Attribute filters match specific properties. They use brackets ([]).

Operator	Meaning	Example
`=`	Equals	`'text[size=12]'`
`!=`	Not equals	`'text[size!=12]'`
`>`	Greater than	`'text[size>12]'`
`>=`	Greater or equal	`'text[size>=12]'`
`<`	Less than	`'text[size<12]'`
`<=`	Less or equal	`'text[size<=12]'`
`*=`	Contains	`'text[fontname*=Arial]'`
`^=`	Starts with	`'text[fontname^=Times]'`
`$=`	Ends with	`'text[fontname$=Bold]'`

# Find large text (size > 14)
large = page.find_all('text[size>14]')

# Find text in Arial font
arial = page.find_all('text[fontname*=Arial]')

# Find high-confidence OCR results
confident = page.find_all('text[confidence>=0.9]')

Common Attributes

Attribute	Element Types	Description
`size`	text	Font size in points
`fontname`	text	Font family name
`confidence`	text (OCR)	OCR confidence (0-1)
`source`	text	Origin: `pdf` or `ocr`
`type`	region	Region type from layout analysis
`width`	line, rect	Element width
`height`	line, rect, image	Element height
`fill`	rect	Has fill color
`stroke`	rect, line	Has stroke/border

Combining Selectors

You can combine pseudo-classes and attributes for precise matching:

# Bold text larger than 14pt
headers = page.find_all('text:bold[size>14]')

# Text containing "Total" in Arial font
totals = page.find_all('text:contains("Total")[fontname*=Arial]')

# Bold, large text containing "Summary"
summary = page.find('text:bold[size>=16]:contains("Summary")')

Selector Order

Pseudo-classes and attributes can appear in any order after the type. These are all equivalent:

'text:bold[size>14]:contains("Summary")'
'text:contains("Summary"):bold[size>14]'
'text[size>14]:bold:contains("Summary")'

Finding Elements

`find()` - First Match

Returns the first matching element, or None if not found.

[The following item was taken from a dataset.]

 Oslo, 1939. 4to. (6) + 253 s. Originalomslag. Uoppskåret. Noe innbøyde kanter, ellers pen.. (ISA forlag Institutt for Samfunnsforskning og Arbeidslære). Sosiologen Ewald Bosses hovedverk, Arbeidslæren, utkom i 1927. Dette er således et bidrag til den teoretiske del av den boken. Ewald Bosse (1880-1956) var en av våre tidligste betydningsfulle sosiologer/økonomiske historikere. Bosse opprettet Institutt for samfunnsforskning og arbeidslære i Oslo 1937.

# Find the first bold text
title = page.find('text:bold')

# Always check for None!
if title:
    print(title.extract_text())
else:
    print("Not found")

`find_all()` - All Matches

Returns an ElementCollection with all matching elements.

# Find all bold text
all_bold = page.find_all('text:bold')

print(f"Found {len(all_bold)} bold elements")

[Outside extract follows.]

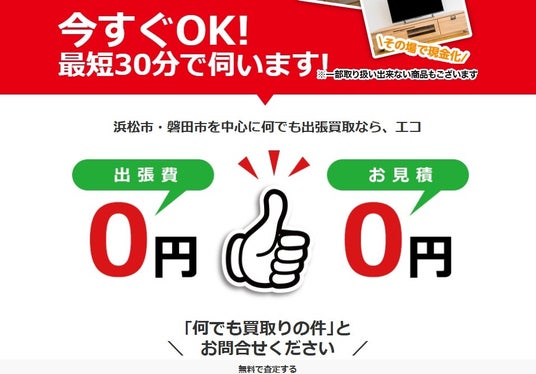 エコは浜松市東区にある出張買取業者で、生活家電や家具といった家庭用品はもちろん、厨房機器やDIYに活躍する工具類まで、幅広いジャンルに対応しています。
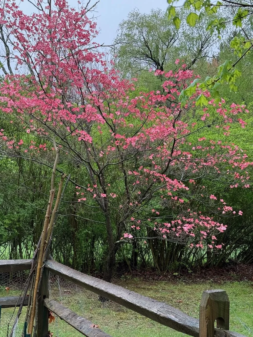 The first of the dogwood trees is presenting its annual show. This is a Cherokee Chief Dogwood. It was planted sometime in 2005. It was planted in memory of several of the Dalmatians that have graced my life. I like to plant trees as memorials for the dogs I’ve had. Sometimes it takes several years before it comes to me the type of tree that best represents the particular dog because this tree was planted for dogs I had in the 1970s up to the 1990s. I had had a dogwood on my mind as a possible tree for a while, but because during those years I lived in California and dogwoods don’t particularly thrive in zone 9, I waited until I lived in a more appropriate zone. We currently have four dogwood trees.

# ElementCollection has useful methods
first = all_bold.first  # First element or None
texts = all_bold.extract_text()  # Extract text from all

Advanced Patterns

Regex Matching

There are two ways to use regex. The :regex() pseudo-class matches against the full text of each element:

# Find invoice numbers like "INV-12345"
invoice = page.find('text:regex("INV-\\d+")')

# Find dates in MM/DD/YYYY format
dates = page.find_all('text:regex("\\d{2}/\\d{2}/\\d{4}")')

# Find page numbers like "Page 1 of 10"
page.find('text:regex("Page \\d+ of \\d+")')

You can also use regex=True with :contains() for the same effect:

# These are equivalent
page.find('text:regex("Total|Sum")')
page.find('text:contains("Total|Sum")', regex=True)

Layout Regions

After running layout analysis, you can find detected regions:

# First, detect layout
page.analyze_layout(engine='yolo')

# Find all detected tables
tables = page.find_all('region[type=table]')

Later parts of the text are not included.